Powers sceptical on Iran resolution deal

BERLIN - World powers played down prospects for a deal on new sanctions against Iran ahead of a meeting on Tuesday aimed at ratcheting up pressure on Tehran to curb its sensitive nuclear work.

The West suspects Iran is secretly pursuing an atomic bomb, but Tehran says its nuclear programme is for peaceful power generation.

U.S. Secretary of State Condoleezza Rice, arriving in Berlin for the meeting of foreign ministers from the five permanent U.N. Security Council members and Germany, said powers still had "some way to go" in agreeing a third U.N. sanctions resolution.

Host Frank-Walter Steinmeier said he hoped the meeting, which starts at 4:30 p.m. (3:30 p.m. British time), would show Iran the international community was united in its concern over the Islamic Republic's nuclear ambitions.

"I can't promise we will come out of this meeting with an agreement on how to proceed in the U.N Security Council, that we will agree on the text of a resolution and I can't tell you what new sanctions will look like," German Foreign Minister Steinmeier told ARD public television.

"But I am very optimistic that we can get results and show Iran that our concerns cannot be ignored, that the international community, including Russia and China, is united," he said.

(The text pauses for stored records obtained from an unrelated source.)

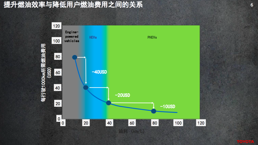 以此为基础,丰田给出了另一组数据。当汽车的燃效水平从10公里/升提升到20公里/升时,每行驶1000公里所需的燃油费用将从80美元降低到40美元。但当燃效从20公里/升,提升到40公里/升后,每1000公里的燃油费用仅从40美元减少到20美元。
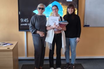 Vyhlášení a předání cen proběhlo v aule v pondělí 12.1.2026 o velké přestávce.  Dr, Lg
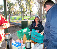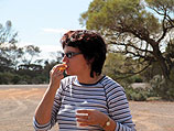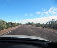 fahren wir anfangs nur im Dunklen - bei der Uhrzeit aber auch in Austra- lien kein Wunder. Während der Fahrt hört man meistens Marina und Olga re- den, denn sie haben einfach zu viel Erlebtes aus den letzten Jahren auszutau- schen. Nach etwa 300 km machen wir die erste große Pause, um unser Früh- stück in Form eines Picknicks in der Nähe eines Spielplatzes in Port Augusta zu machen. Langsam lugt nun auch die Sonne heraus und Tim nutzt die Gele- genheit nicht nur zum Essen, sondern auch um seiner Lieblingsbeschäftigung, dem Fußballspielen, nachzukommen. Für den 10-Jährigen ist die Fahrt natür- lich am langweiligsten, obwohl er sich mit seinem iPod und einer Fußballzeit- schrift erstaunlicherweise lange beschäftigen kann. |
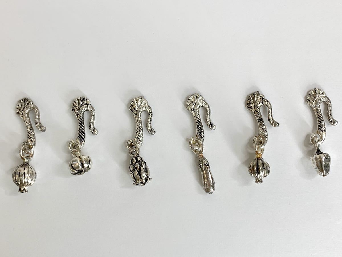 - ▼ 金属製 シルバーカラー グラスマーカーフック 野菜モチーフ 6個セット 極美品 管理2111 M-14
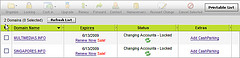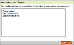 同時(shí),在你的賬戶中相關(guān)的域名也會(huì)顯示域名過(guò)戶的狀態(tài) "Changing Accounts" 。此時(shí),你將不能對(duì)域名進(jìn)行任何修改和操作,直到域名轉(zhuǎn)到對(duì)方賬戶。
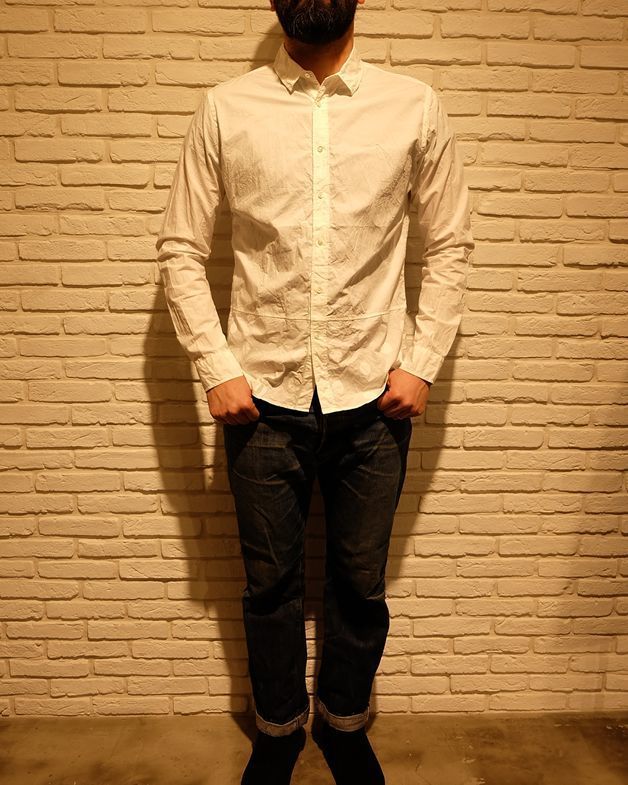 > 新品 FINGER FOX AND SHIRTS フィンガーフォックスアンドシャツ 切替シャツ 白シャツ XS オーガニックコットン
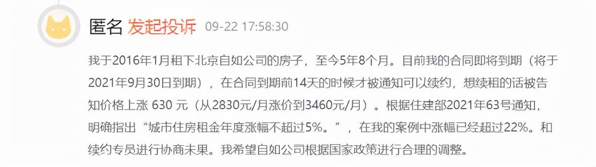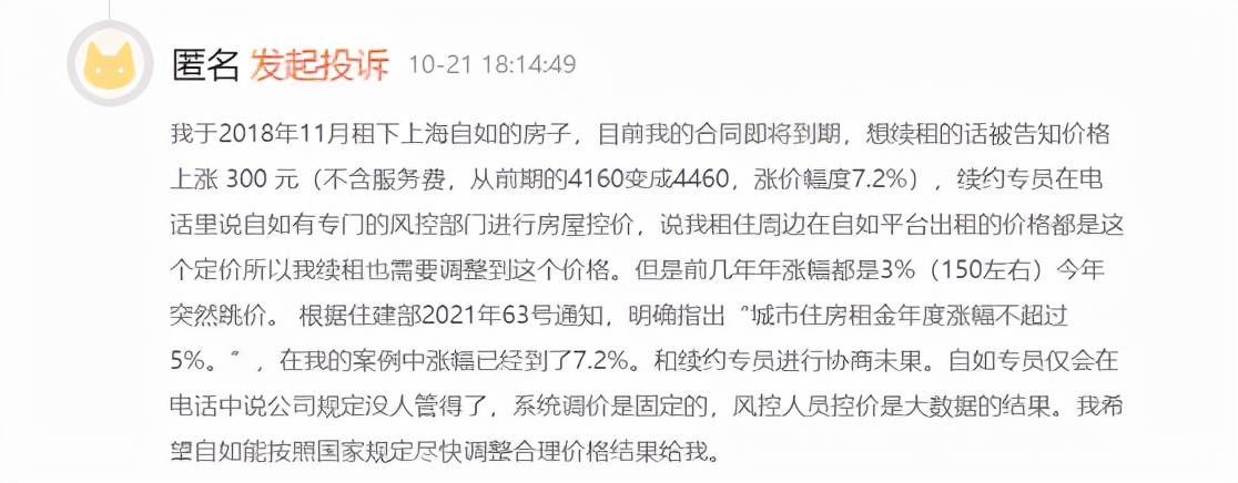 在新浪黑猫平台,有租户反映,其在一些平台续租的价格涨幅达到22%,远超住建部规定的“城市住房租金年度涨幅不超过5%”;上海自如的租户也有反映其今年涨幅达到7.2%,不符规定;有租户也将自己现居的租金价格和续租价格进行了对比。
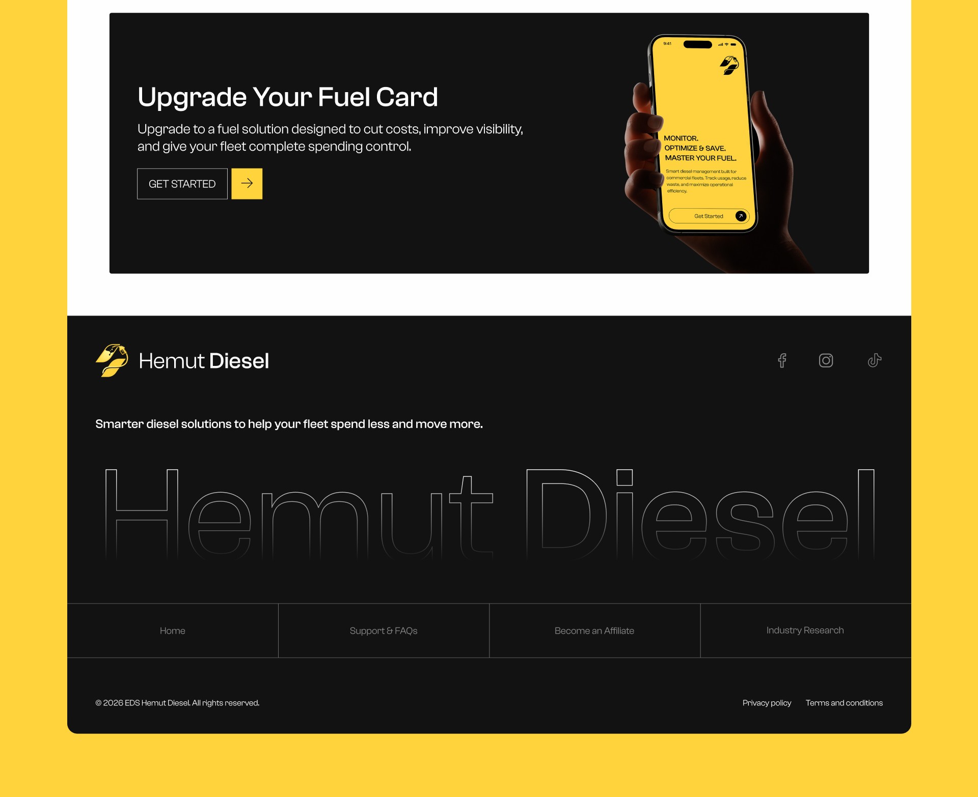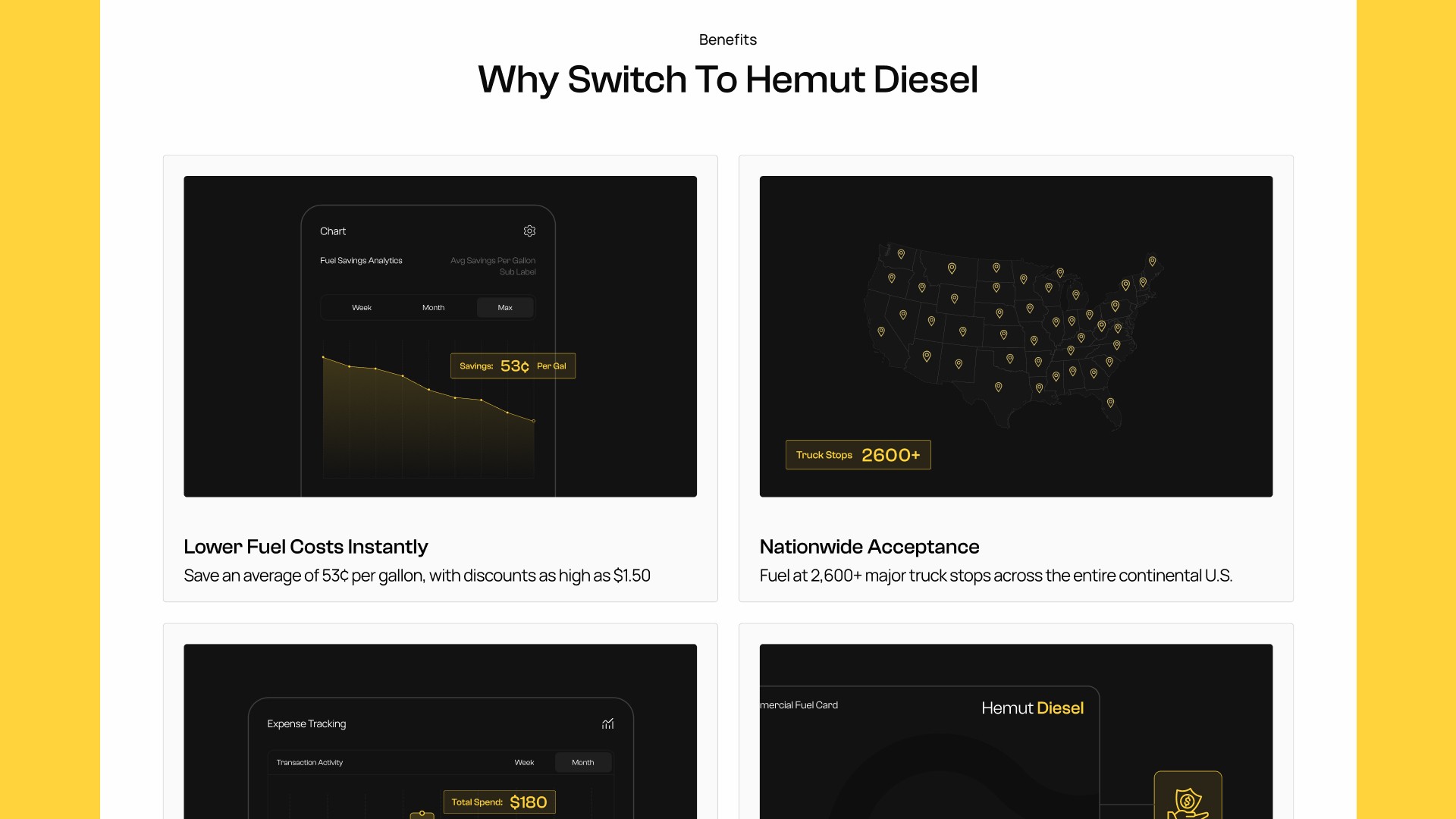 Designed a landing page for Hemut Diesel that helps small fleet owners and owner-operators understand how a commercial fuel card can cut their diesel costs by up to 53 cents per gallon.
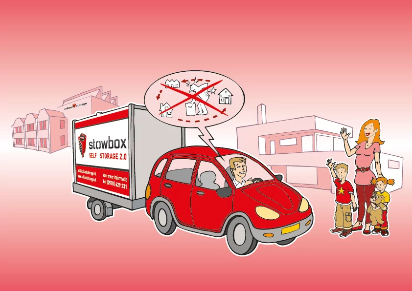 Laad de StowBox thuis vol. Je hoeft geen apart busje of boedel aanhanger meer te huren.
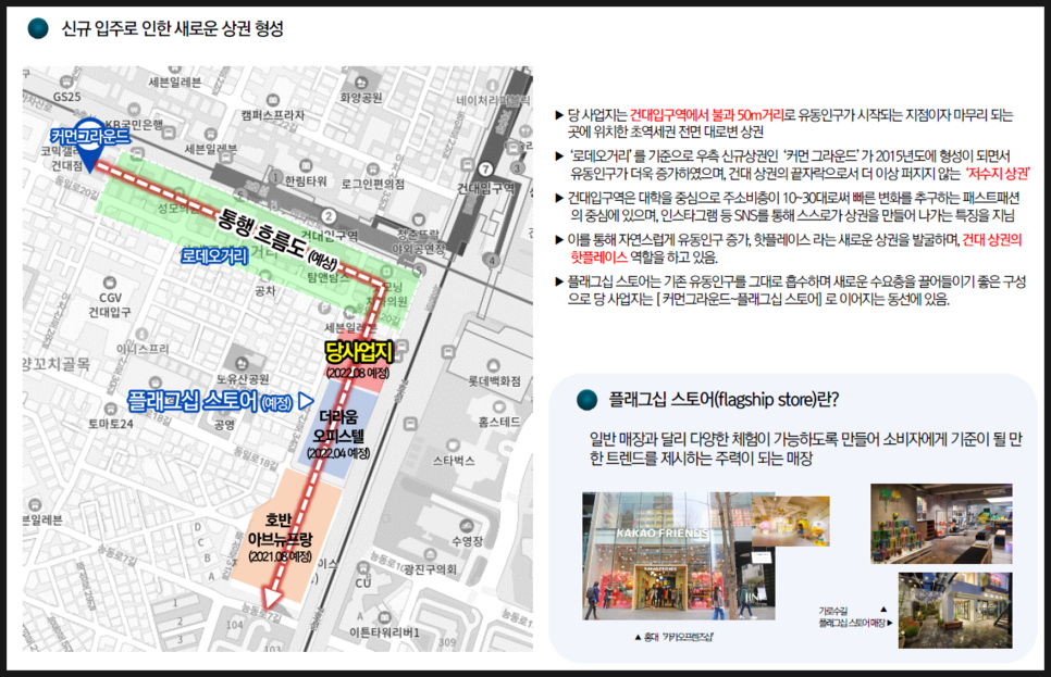 - 전국 3대상권인 건대입구역 롯데 백화점 맞은편 먹자 및 검증된 로데오 상권 초입

Ahead of the meeting, Iran reiterated that new international sanctions would not stop it from pursuing its "legitimate and legal rights" to a nuclear programme.

Washington has spearheaded the drive for more punitive measures and is keen to ensure a new resolution tightens the noose on more Iranian state banks.

RUSSIA AND CHINA

Russia and China, both commercial partners of Iran, have hardened their opposition to tougher sanctions since a U.S. intelligence report last month said Iran had halted its nuclear weapons programme in 2003.

While both appear willing to accept a new resolution, they are seen as unlikely to accept measures that would hurt economic ties.

"China hopes it can achieve a resolution that raises pressure but does not risk serious economic fallout," said Yin Gang, an analyst at the Chinese Academy of Social Sciences.

Political directors from Britain, China, France, Germany, Russia and the United States narrowed differences in calls over the weekend, diplomats say.

But Rice said there were "still some gaps to close" and suggested the Berlin meeting, which is scheduled to last just 1-1/2 hours, would focus on longer-term strategy more than detailed negotiations on a resolution.

International Atomic Energy Agency (IAEA) director Mohamed ElBaradei won agreement from Iran this month to answer questions about its past covert nuclear work within four weeks and some countries may prefer to wait before agreeing new steps.

The foreign ministers last met to discuss Iran in September in New York and have made little tangible progress since then.

China said on Tuesday that the nuclear standoff, which dates back to 2002, had reached a "critical moment".